- Born: Haimabati Ghosh 1866 Kulna district, Bengal Presidency, British India
- Died: 5 August 1933 (aged 66–67)
- Other name: Haimabati Ghosh Mitra Sen
- Occupation: Physician
- Spouse: Kunjabihari Sen (m.1890)

= Haimabati Sen =

Indian physician

Haimabati Sen (1866 – 5 August 1933) born Haimabati Ghosh, was an Indian physician.

== Early life ==
Haimabati Ghosh was born in the Khulna district, Bengal Presidency (now Bangladesh). Her father was a zamindar, a wealthy member of the Kulin Kayastha caste. As a very young widow, she trained as a teacher in Benares. After her second marriage, she attended the Campbell Medical College in Calcutta, and graduated at the top of her class in 1894.

== Career ==
Sen was a physician at the Lady Dufferin Women's Hospital in Hooghly from 1894 to 1910, and had a private practice in Chinsurah, until her death in the early 1930s.

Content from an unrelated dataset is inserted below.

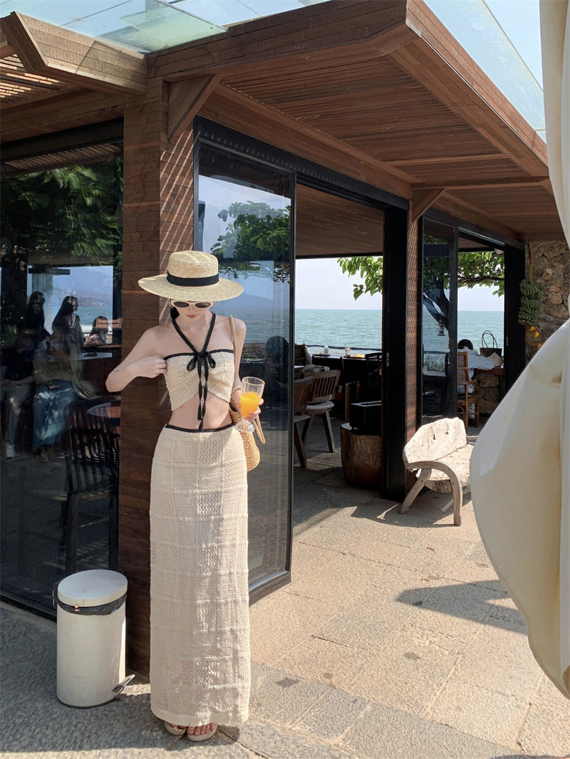 RMS25881 Hollow Out Monokini With Gauze Dress

She wrote a "valuable" memoir in the 1920s, detailing her own struggles and her concerns for all young women: "Do I have to suffer all this simply because I am a woman? Would anyone have inflicted so much suffering on a man? Why are they so worried as to whose wife I am or whose daughter?" Her memoir was translated from Bengali and published in English many years later, in 2000.

== Personal life ==
Haimabati Ghosh married twice. She was first married at age 9, to a widower with two daughters; a year later, she was a child widow. Without the support of her husband, parents, brothers, or in-laws, she sought assistance at a widows' house in Benares, and joined the Brahmo Samaj community. In 1890, she married again, to Kunjabehari Sen. They had five children together. Haimabati Sen died in 1932 (or 1933), in her sixties.